▶ **Task objective**: Below is a listing. Quote from it, exactly, the lines from the one containing "In The Great" down to the one containing "Über Bacterium Linens", both ends included, and nothing else.

=== Provided entries ===

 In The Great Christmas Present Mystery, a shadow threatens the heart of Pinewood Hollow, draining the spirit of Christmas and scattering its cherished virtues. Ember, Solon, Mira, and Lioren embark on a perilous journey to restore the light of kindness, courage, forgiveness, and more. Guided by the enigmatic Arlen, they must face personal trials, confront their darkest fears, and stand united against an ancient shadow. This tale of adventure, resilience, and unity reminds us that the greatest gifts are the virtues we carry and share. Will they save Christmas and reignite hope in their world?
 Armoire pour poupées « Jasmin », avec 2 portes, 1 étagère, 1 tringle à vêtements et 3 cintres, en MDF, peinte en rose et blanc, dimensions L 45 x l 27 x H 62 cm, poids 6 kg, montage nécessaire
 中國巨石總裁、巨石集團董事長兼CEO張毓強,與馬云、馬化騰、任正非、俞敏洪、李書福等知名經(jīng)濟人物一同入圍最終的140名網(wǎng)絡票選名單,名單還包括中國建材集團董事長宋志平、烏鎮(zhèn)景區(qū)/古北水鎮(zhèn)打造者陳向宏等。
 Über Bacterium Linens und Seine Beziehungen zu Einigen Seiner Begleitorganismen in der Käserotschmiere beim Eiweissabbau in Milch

===
=== Provided entries ===

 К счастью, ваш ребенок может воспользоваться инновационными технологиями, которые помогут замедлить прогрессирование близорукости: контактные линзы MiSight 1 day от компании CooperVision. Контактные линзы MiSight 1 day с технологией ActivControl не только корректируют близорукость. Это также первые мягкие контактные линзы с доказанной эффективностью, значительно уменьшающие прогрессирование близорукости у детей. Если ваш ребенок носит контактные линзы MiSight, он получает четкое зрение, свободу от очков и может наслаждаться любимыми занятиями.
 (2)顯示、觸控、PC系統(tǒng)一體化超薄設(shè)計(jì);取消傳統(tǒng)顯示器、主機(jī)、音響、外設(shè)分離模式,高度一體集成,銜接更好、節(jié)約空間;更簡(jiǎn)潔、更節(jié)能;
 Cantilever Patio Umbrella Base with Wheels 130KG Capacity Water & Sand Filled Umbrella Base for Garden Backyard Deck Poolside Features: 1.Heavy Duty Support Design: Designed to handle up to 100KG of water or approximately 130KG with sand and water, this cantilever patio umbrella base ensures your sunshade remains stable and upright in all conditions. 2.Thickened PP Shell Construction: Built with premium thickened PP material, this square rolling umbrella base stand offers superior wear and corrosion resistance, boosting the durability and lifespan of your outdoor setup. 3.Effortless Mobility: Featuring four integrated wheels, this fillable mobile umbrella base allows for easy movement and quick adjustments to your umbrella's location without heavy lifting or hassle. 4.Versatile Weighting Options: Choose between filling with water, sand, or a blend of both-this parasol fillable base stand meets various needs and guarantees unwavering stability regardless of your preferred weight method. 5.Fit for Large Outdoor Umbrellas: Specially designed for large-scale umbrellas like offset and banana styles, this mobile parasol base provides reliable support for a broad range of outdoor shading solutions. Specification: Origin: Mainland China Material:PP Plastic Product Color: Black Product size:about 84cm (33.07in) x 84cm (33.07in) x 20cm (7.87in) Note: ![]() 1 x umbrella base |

===
=== Provided entries ===

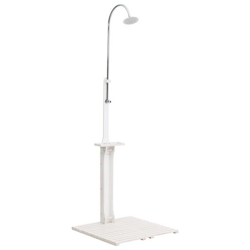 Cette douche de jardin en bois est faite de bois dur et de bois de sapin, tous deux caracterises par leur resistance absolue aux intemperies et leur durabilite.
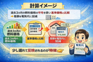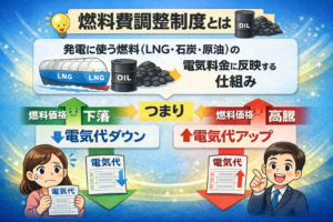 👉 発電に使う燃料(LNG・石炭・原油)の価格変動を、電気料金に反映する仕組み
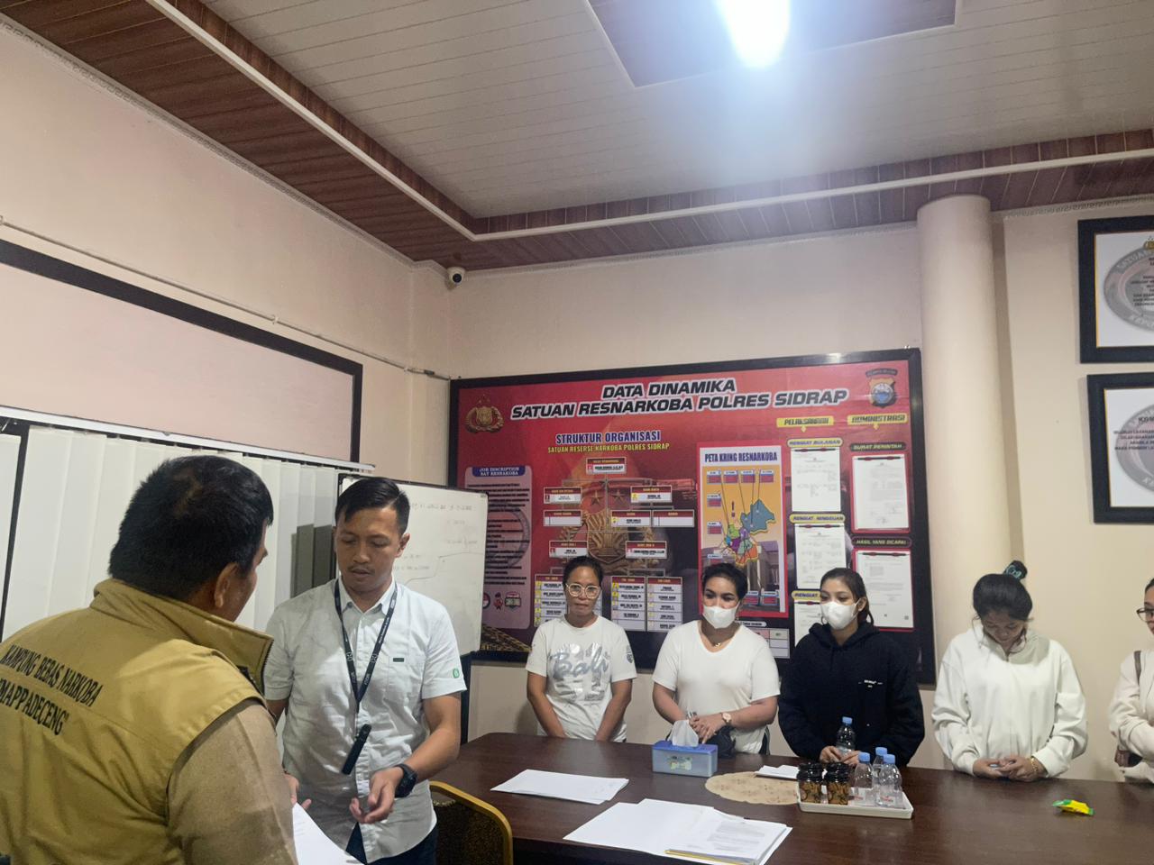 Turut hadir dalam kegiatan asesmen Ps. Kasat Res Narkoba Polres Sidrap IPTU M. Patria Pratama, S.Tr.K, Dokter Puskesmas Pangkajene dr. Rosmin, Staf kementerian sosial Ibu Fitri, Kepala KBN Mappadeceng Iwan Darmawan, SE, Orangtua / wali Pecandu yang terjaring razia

===

▶ **Task solution**:
 In The Great Christmas Present Mystery, a shadow threatens the heart of Pinewood Hollow, draining the spirit of Christmas and scattering its cherished virtues. Ember, Solon, Mira, and Lioren embark on a perilous journey to restore the light of kindness, courage, forgiveness, and more. Guided by the enigmatic Arlen, they must face personal trials, confront their darkest fears, and stand united against an ancient shadow. This tale of adventure, resilience, and unity reminds us that the greatest gifts are the virtues we carry and share. Will they save Christmas and reignite hope in their world?
 Armoire pour poupées « Jasmin », avec 2 portes, 1 étagère, 1 tringle à vêtements et 3 cintres, en MDF, peinte en rose et blanc, dimensions L 45 x l 27 x H 62 cm, poids 6 kg, montage nécessaire
 中國巨石總裁、巨石集團董事長兼CEO張毓強,與馬云、馬化騰、任正非、俞敏洪、李書福等知名經(jīng)濟人物一同入圍最終的140名網(wǎng)絡票選名單,名單還包括中國建材集團董事長宋志平、烏鎮(zhèn)景區(qū)/古北水鎮(zhèn)打造者陳向宏等。
 Über Bacterium Linens und Seine Beziehungen zu Einigen Seiner Begleitorganismen in der Käserotschmiere beim Eiweissabbau in Milch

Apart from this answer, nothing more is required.